PS: may I ask which kind of problem you are trying to solve with Split-Bergman. Whilst this is a powerful solver, I found out that for some of the problems I work with other solvers of the family of proximal solvers are slightly more performant. You may want to take a look at this sister library we recently created https://github.com/PyLops/pyproximal
This solver, that was recently developed by a colleague, may actually do what you want: https://pyproximal.readthedocs.io/en/latest/api/generated/pyproximal.optimization.sr3.SR3.html#pyproximal.optimization.sr3.SR3
Even though note that a second knob will always appear to relax the intermediate constrained problem.

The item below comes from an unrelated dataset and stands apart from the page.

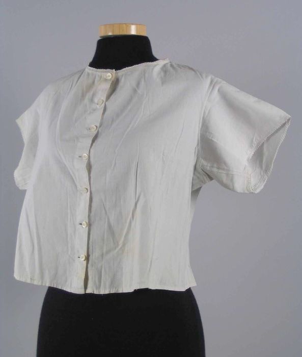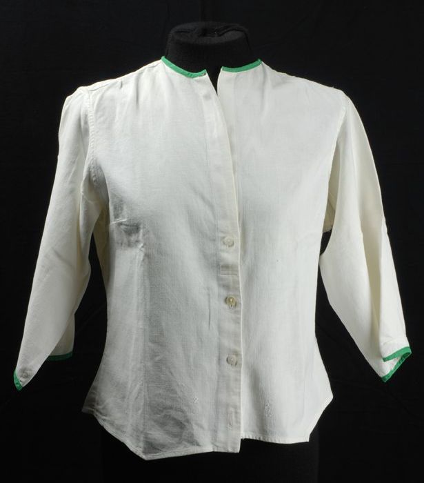 Blouse, wit katoen, groene bies, gemaakt uit herenov...

Thanks for the detailed answer. i will definitely will check that information. I wanted to compare SPlitBergman with Lagged Diffusivity Fixed Point Method, implemented to obtained the total variation regularized derivative directly form the data (in plops, the TVR example recovers the function, not the derivative). I was trying to reproduce the results from the 2011 publication https://www.hindawi.com/journals/isrn/2011/164564/ I noticed that SplitBergman is super sensitive to the two weights, and the results is really hard to control. The original implementation of Diffusion TVR is very robust (https://github.com/smrfeld/Total-Variation-Regularization-Derivative-Python/tree/main/python). I implemented the algorithm using pylops, but still can't reproduce the results. I think it is due to the structure of the derivative and integral operators in pylops, but I haven't spotted the issue yet. Below is some code I developed, it is still drafty, but maybe interest you. (btw, it would be great to have Galerkin based derivative operators or FD with boundary conditions, will post if I manage to implement one)
import numpy as np
from scipy import integrate
from scipy import optimize
from functools import partial
import pylops
class TrapezoidalIntegration(pylops.LinearOperator):
r"""Integration using trapezoidal rule.
Apply trapezoidal integration to a multi-dimensional array along ``dir`` axis.
"""
def __init__(self, N, dims=None, dir=-1, sampling=1.0, dtype='float64'):
super().__init__()
self.N = N
self.dir = dir
self.sampling = sampling
if dims is None:
self.dims = [self.N, 1]
self.reshape = False
else:
if np.prod(dims) != self.N:
raise ValueError('product of dims must equal N!')
else:
self.dims = dims
self.reshape = True
self.shape = (self.N, self.N)
self.dtype = np.dtype(dtype)
self.explicit = False
self._integrator = partial(integrate.cumtrapz, dx=self.sampling, axis=-1,
initial=0)
def _matvec(self, x):
if self.reshape:
x = np.reshape(x, self.dims)
if self.dir != -1:
x = np.swapaxes(x, self.dir, -1)
y = self._integrator(x)
if self.dir != -1:
y = np.swapaxes(y, -1, self.dir)
return y.ravel()
def _rmatvec(self, x):
if self.reshape:
x = np.reshape(x, self.dims)
if self.dir != -1:
x = np.swapaxes(x, self.dir, -1)
xflip = np.flip(x, axis=-1)
y = self._integrator(xflip)
y = np.flip(y, axis=-1)
if self.dir != -1:
y = np.swapaxes(y, -1, self.dir)
return y.ravel()
class DiffTVR:
def __init__(self, dx: float, *, n: int = None):
"""Differentiate with TVR.
Args:
dx (float): Spacing of data.
n (int): Number of points in data.
"""
self.Dop = None
self.CIop = None
self.eps = 1e-10
self._n = n
self._dx = dx
if self._n is not None:
self.build_matrices()
@property
def n(self): return self._n
@n.setter
def n(self, value):
self._n = value
self.build_matrices()
@property
def dx(self): return self._dx
@dx.setter
def dx(self, value):
self._dx = value
if self._n is not None:
self.build_matrices()
def build_matrices(self):
self.Dop = pylops.FirstDerivative(self._n, kind='centered', edge=True,
sampling=self._dx)
self.CIop = TrapezoidalIntegration(self._n, sampling=self._dx)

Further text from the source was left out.